▶ _Task statement_: The needed output is the run of lines below from the one containing "4. (5 баллов)" through the one containing "- المادة : قماش", copied exactly and free of pictures.
*** Extracted entries Section Begins ***
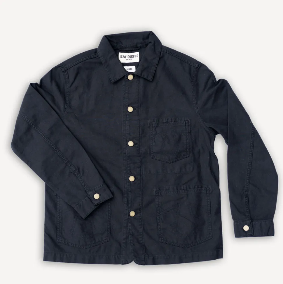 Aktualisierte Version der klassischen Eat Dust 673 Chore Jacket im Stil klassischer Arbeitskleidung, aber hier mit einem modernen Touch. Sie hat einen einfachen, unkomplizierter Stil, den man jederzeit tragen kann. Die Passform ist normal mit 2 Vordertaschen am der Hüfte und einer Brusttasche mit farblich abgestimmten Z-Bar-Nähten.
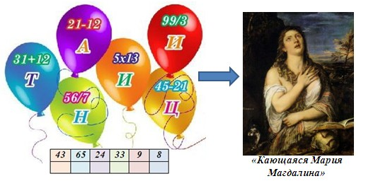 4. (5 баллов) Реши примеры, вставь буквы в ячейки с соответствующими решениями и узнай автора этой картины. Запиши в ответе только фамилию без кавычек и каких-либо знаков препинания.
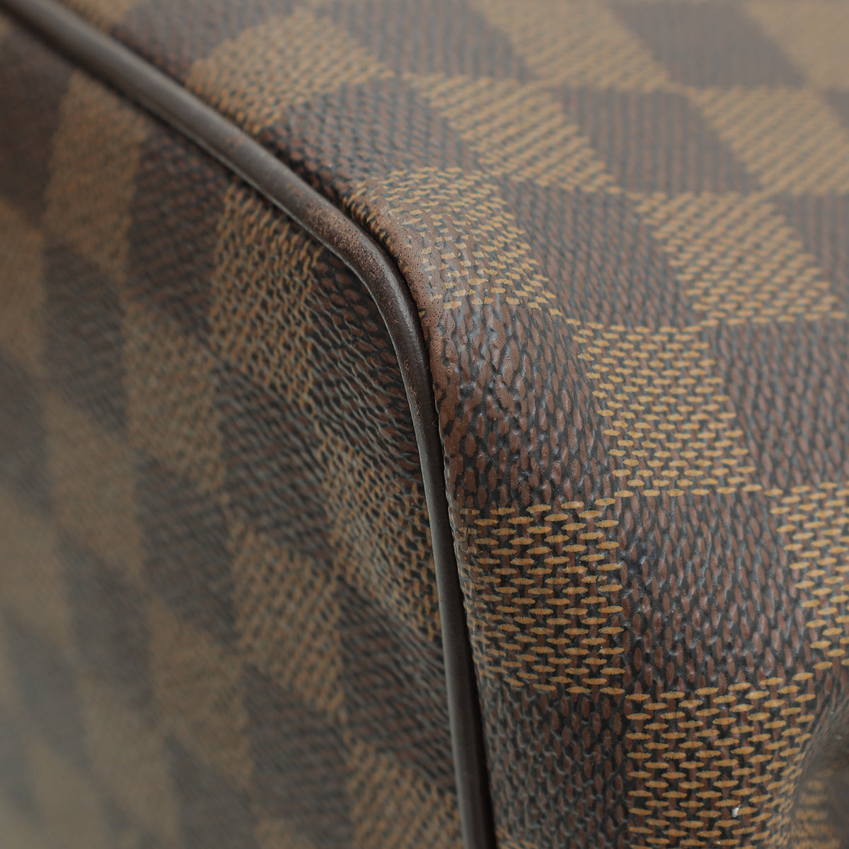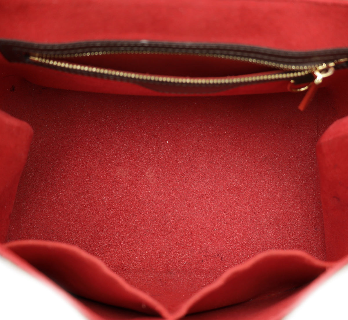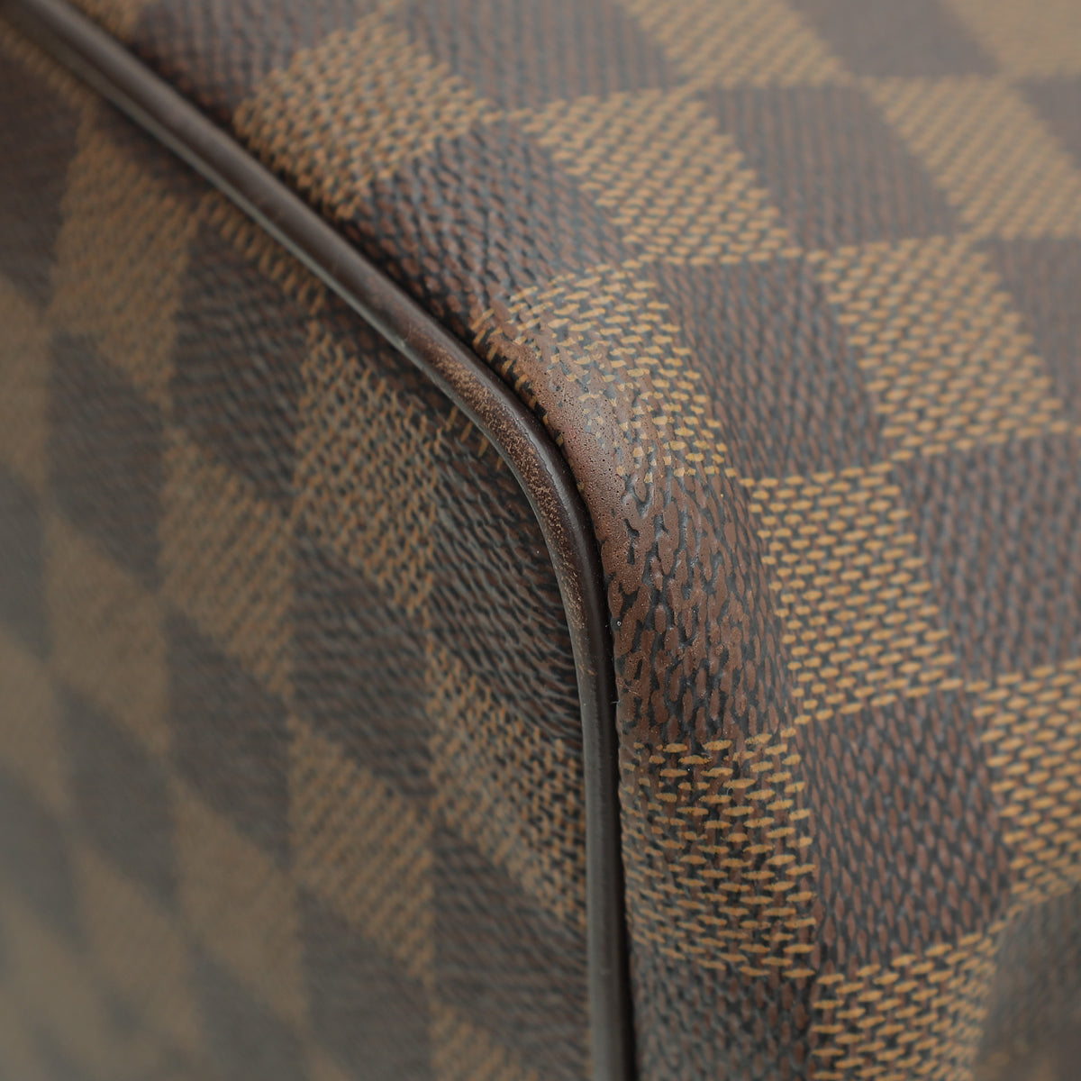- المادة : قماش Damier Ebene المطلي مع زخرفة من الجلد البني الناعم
*** Extracted entries Section Ends ***
*** Extracted entries Section Begins ***
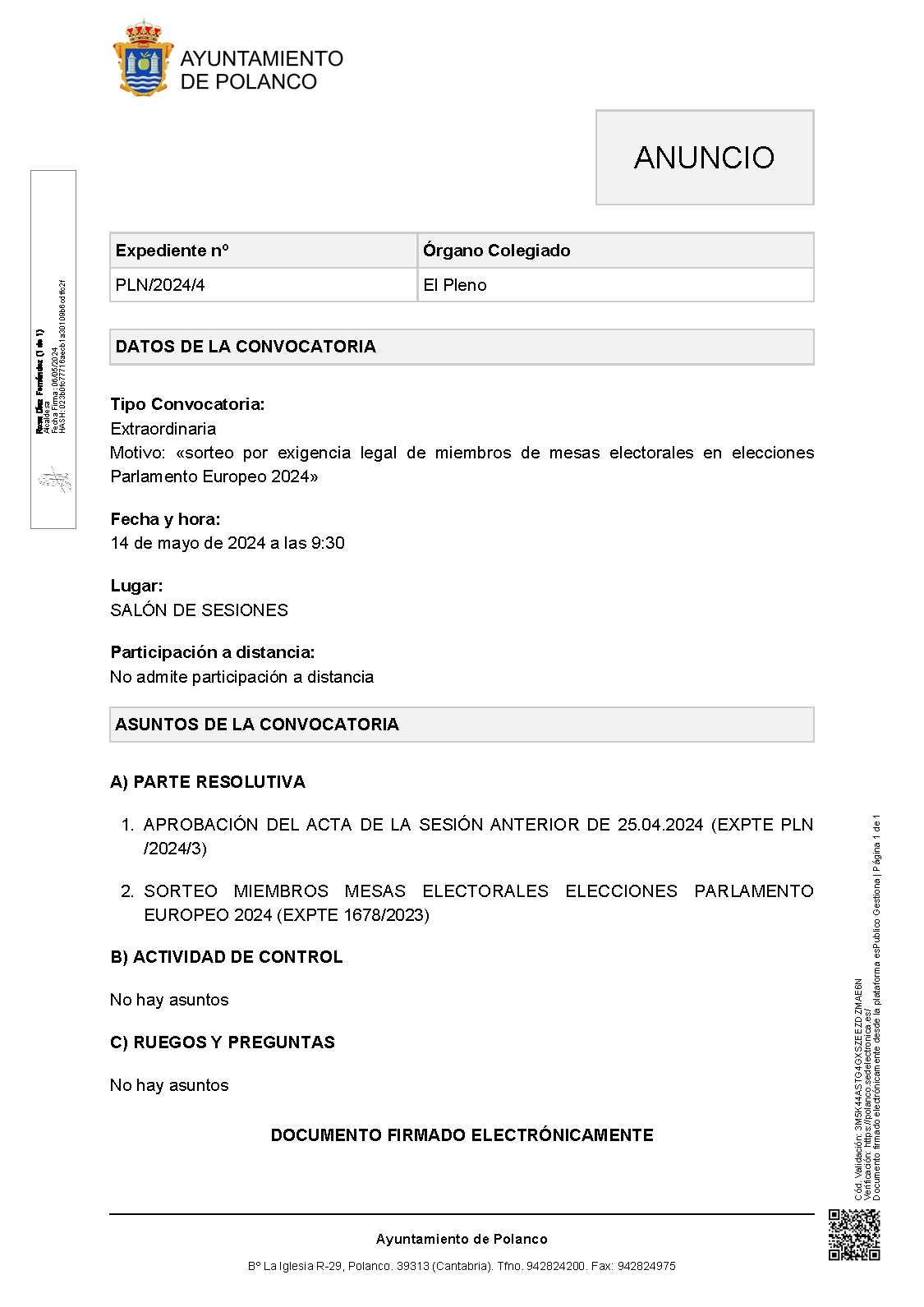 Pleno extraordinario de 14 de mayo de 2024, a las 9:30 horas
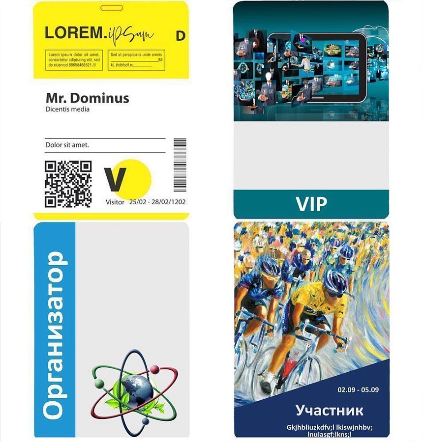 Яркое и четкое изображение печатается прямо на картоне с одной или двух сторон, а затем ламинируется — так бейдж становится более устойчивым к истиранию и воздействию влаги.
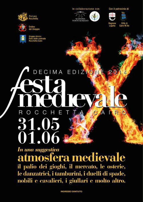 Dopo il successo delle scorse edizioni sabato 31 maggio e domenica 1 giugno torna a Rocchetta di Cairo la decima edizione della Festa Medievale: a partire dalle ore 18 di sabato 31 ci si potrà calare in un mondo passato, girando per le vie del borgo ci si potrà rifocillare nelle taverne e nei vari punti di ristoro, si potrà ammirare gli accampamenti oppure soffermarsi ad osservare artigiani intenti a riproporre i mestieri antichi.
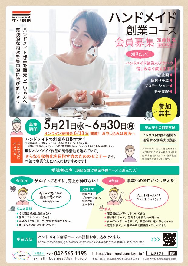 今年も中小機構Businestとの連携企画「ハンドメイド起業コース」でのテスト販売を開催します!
*** Extracted entries Section Ends ***
*** Extracted entries Section Begins ***
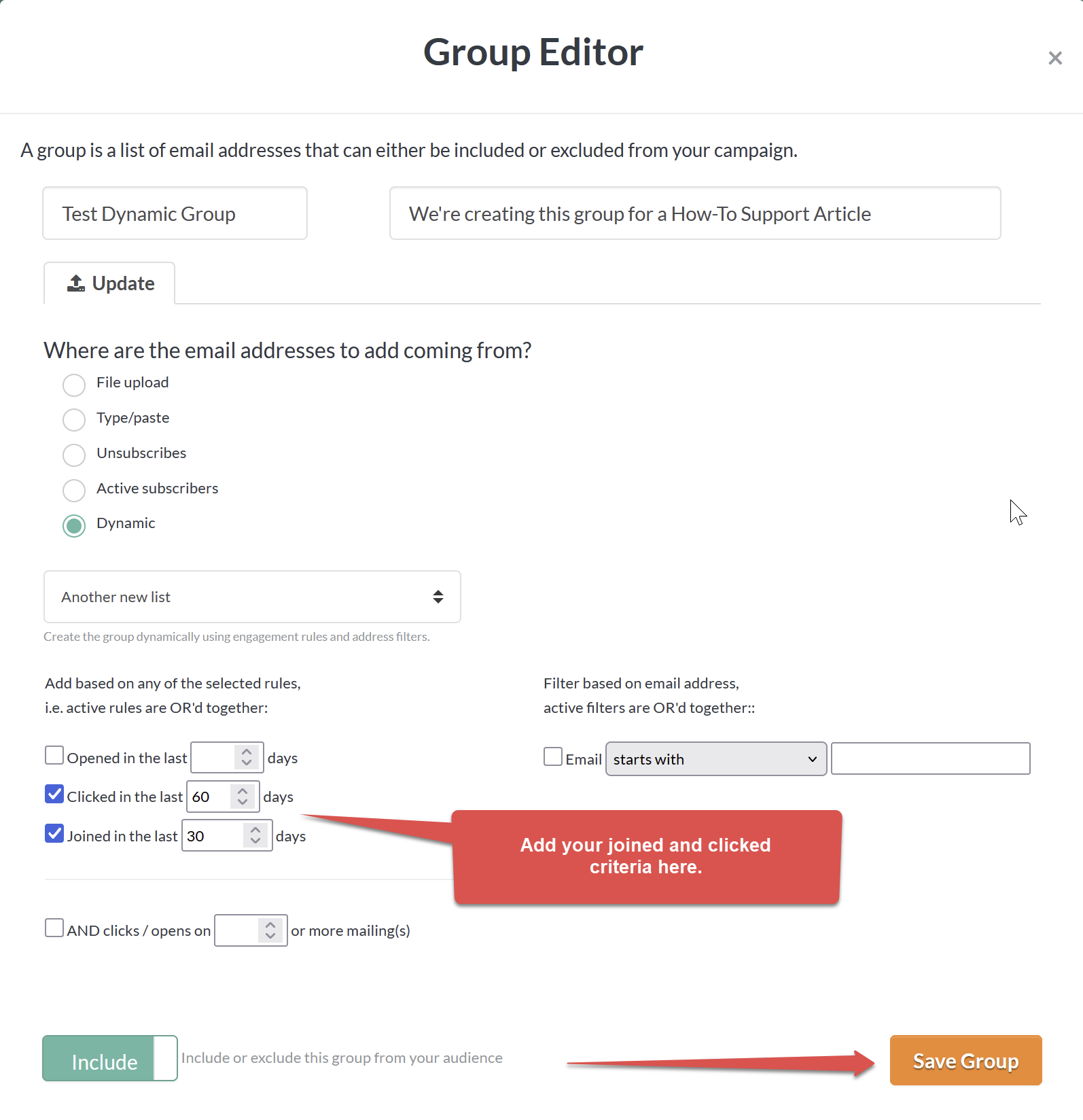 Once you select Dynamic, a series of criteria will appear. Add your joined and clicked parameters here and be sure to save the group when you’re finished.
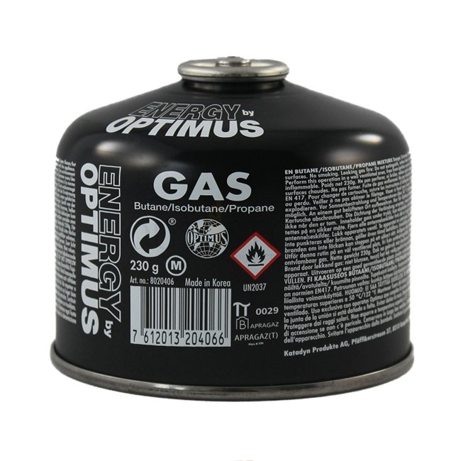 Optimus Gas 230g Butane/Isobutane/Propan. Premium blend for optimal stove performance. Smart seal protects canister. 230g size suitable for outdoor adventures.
*** Extracted entries Section Ends ***
▶ _Exercise response_:
 4. (5 баллов) Реши примеры, вставь буквы в ячейки с соответствующими решениями и узнай автора этой картины. Запиши в ответе только фамилию без кавычек и каких-либо знаков препинания.
- المادة : قماش Damier Ebene المطلي مع زخرفة من الجلد البني الناعم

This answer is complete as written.